[Records contained in a dataset]
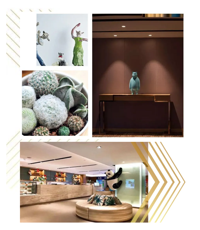 睿选携手中国新锐艺术家,采用他们极富当地文化特色的艺术作品,以别具一格的方式融入到酒店设计中,让城市文化与精神在此得到延伸;创意有趣的艺术装置,搞怪奇特的雕塑摆件等,充斥在酒店的每一个角落,让宾客看见灵感!
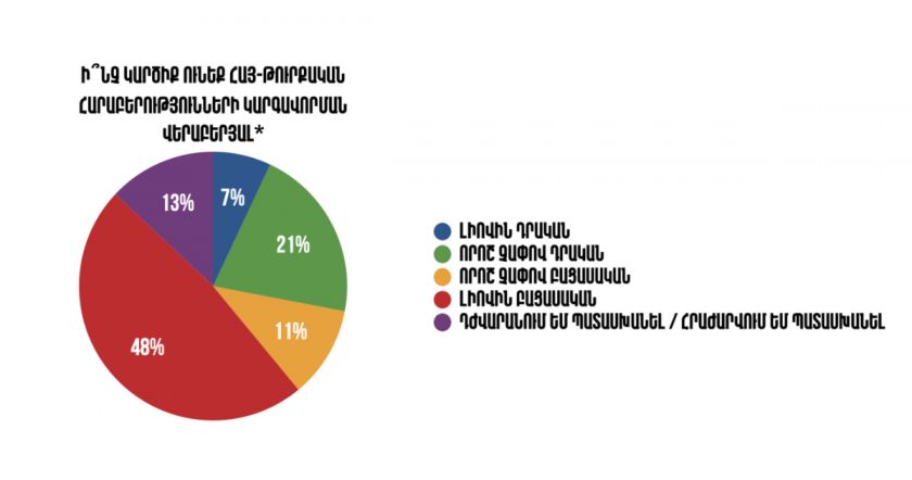 «Ի՞նչ կարծիք ունեք հայ-թուրքական հարաբերությունների կարգավորման վերաբերյալ» հարցին մեր երկրի բնակչության մեծամասնությունը՝ (շուրջ 60%-ը) պատասխանել է, որ ունի բացասական կարծիք, այսինքն՝ դեմ է այդ փաստացի կապիտուլիացիոն գործընթացին։ Միանշանակ դրական է տրամադրված ընդամենը 7%-ը, որն էլ իր հերթին հետևողական քարոզի արդյունք է, որ վարվում է օրնիբուն պետական և իշխանական ռեսուրսներով։
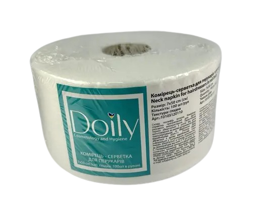 Воротник-салфетка для парикмахеров в рулоне, 7х50 см, спанлейс, гладкая текстура, Doily (100 шт./рул.)
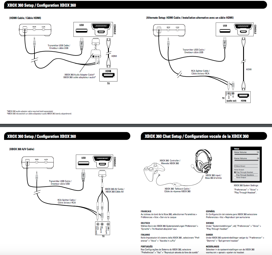 - Includes XBOX 360 Talkback Cable and RCA Splitter Cable
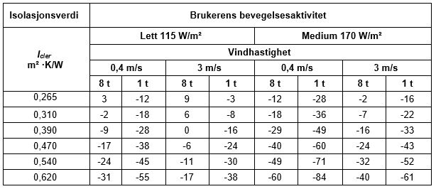 Tabellen gir kun en indikasjon. Plaggets evne til å isolere mot kulde påvirkes også betydelig av faktorer som brukerens fysikk, helse og andre forutsetninger.
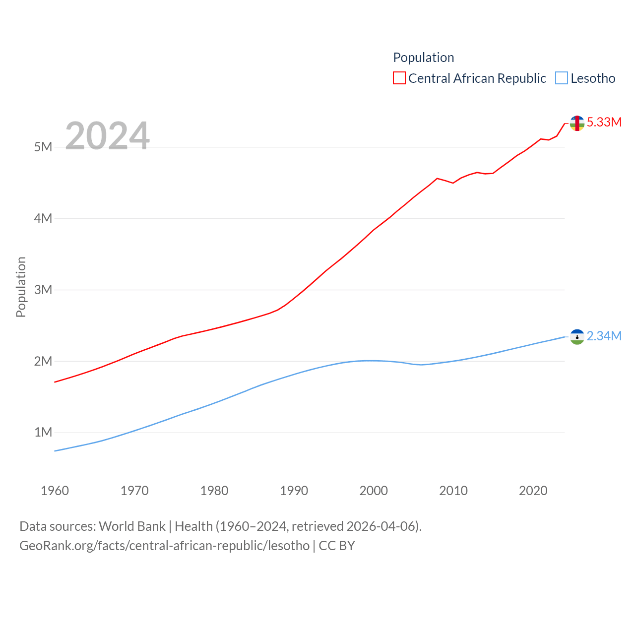 The Central African Republic has a population of 5.33M (ranked 121/197), compared with 2.34M in Lesotho (ranked 145/197). The Central African Republic's land area is 240,534 sq mi versus 11,722 sq mi for Lesotho (ranked 43rd vs. 137th).
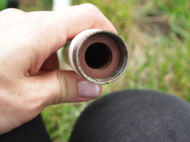 Una vez que usted toma hacia fuera la pieza negra, necesita Introduzca la manguera donde se corta la pieza. Esto puede ser difícil trabajar en la manguera. Algunas personas dicen que ayuda a sostener el extremo de la manguera con agua caliente durante un minuto antes de colocar la pieza de plástico. Me las arreglé para empujar sin hacerlo. Una vez que es empujar la pieza de conector negro completamente, entonces usted puede sacar las piezas de plástico verdes.
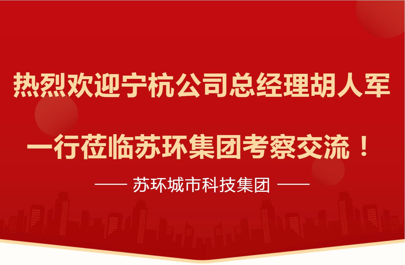 7月12日上午10點,江蘇寧杭文化旅游發展有限公司總經理胡人軍協同總經理助理呂黎、主管邵敏、寧杭公司太湖服務區主任虞平、寧杭公司丁村服務區管理員毛慧文、寧杭公司荷葉山服務區管理員周鵬鵬一行蒞臨蘇環集團進行考察指導。蘇環集團董事長何學斌、總經理孫振城等領導熱情會見。
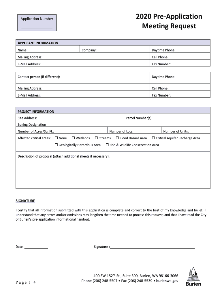 2020PreApplication MeetingRequestApplicationNumber APPLICANTINFORMATION Name:MailingAddress:Misaddress:Company:DaytimePhone:Cellphone:Number:Contact person(indifferent): DaytimePhone:MailingAddress:Cellphone:Misaddress:Number:
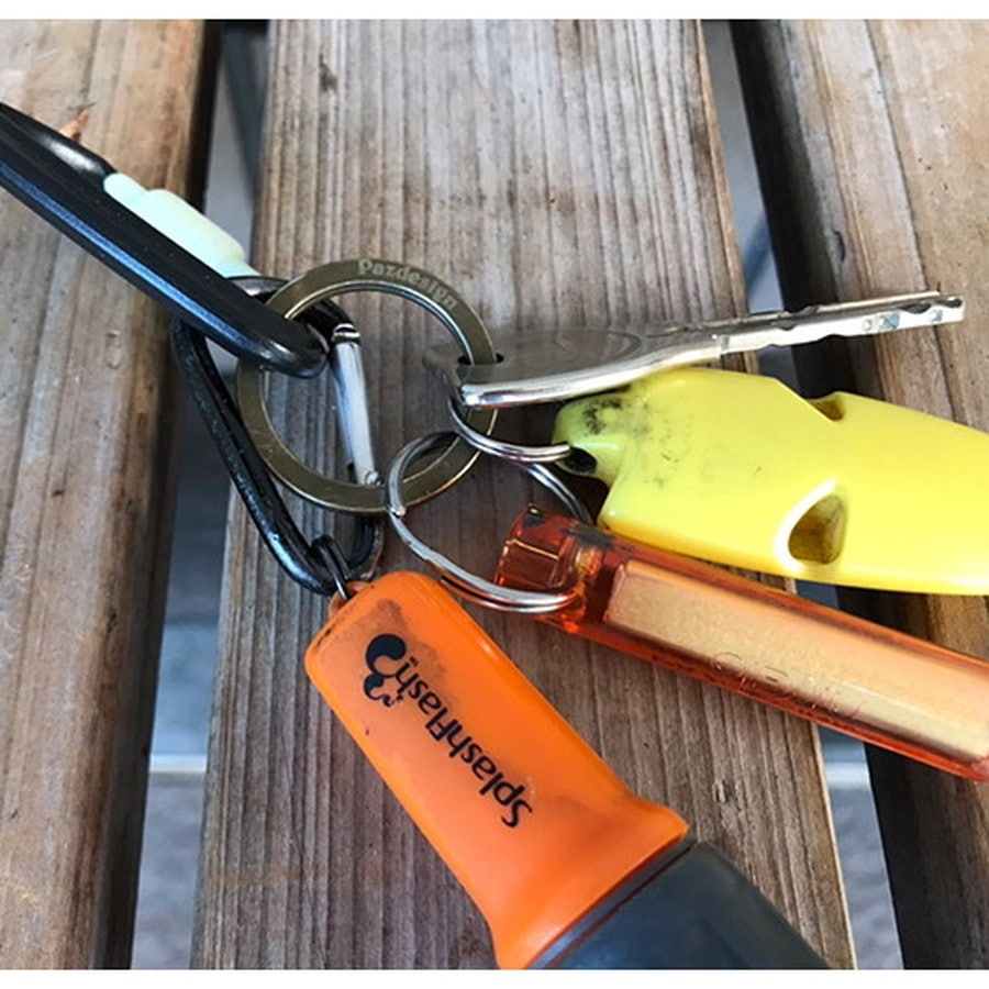 フィッシュグリップやランディングネットとコード類を接続したり、キーホルダーとして小物をまとめたりと何かと便利な二重リングです。
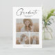 Convite para Graduação de Colagem de Fotos do Formando de Script Elegante. O verso inclui detalhes adicionais. Clique no botão editar para personalizar este design com suas fotos e texto.

## Exercise instructions
Exact repetition is the task: every line from the start of the data to the line with "և իշխանական ռեսուրսներով։", inclusive, and none after it, pictures omitted.

## Exercise result
 睿选携手中国新锐艺术家,采用他们极富当地文化特色的艺术作品,以别具一格的方式融入到酒店设计中,让城市文化与精神在此得到延伸;创意有趣的艺术装置,搞怪奇特的雕塑摆件等,充斥在酒店的每一个角落,让宾客看见灵感!
 «Ի՞նչ կարծիք ունեք հայ-թուրքական հարաբերությունների կարգավորման վերաբերյալ» հարցին մեր երկրի բնակչության մեծամասնությունը՝ (շուրջ 60%-ը) պատասխանել է, որ ունի բացասական կարծիք, այսինքն՝ դեմ է այդ փաստացի կապիտուլիացիոն գործընթացին։ Միանշանակ դրական է տրամադրված ընդամենը 7%-ը, որն էլ իր հերթին հետևողական քարոզի արդյունք է, որ վարվում է օրնիբուն պետական և իշխանական ռեսուրսներով։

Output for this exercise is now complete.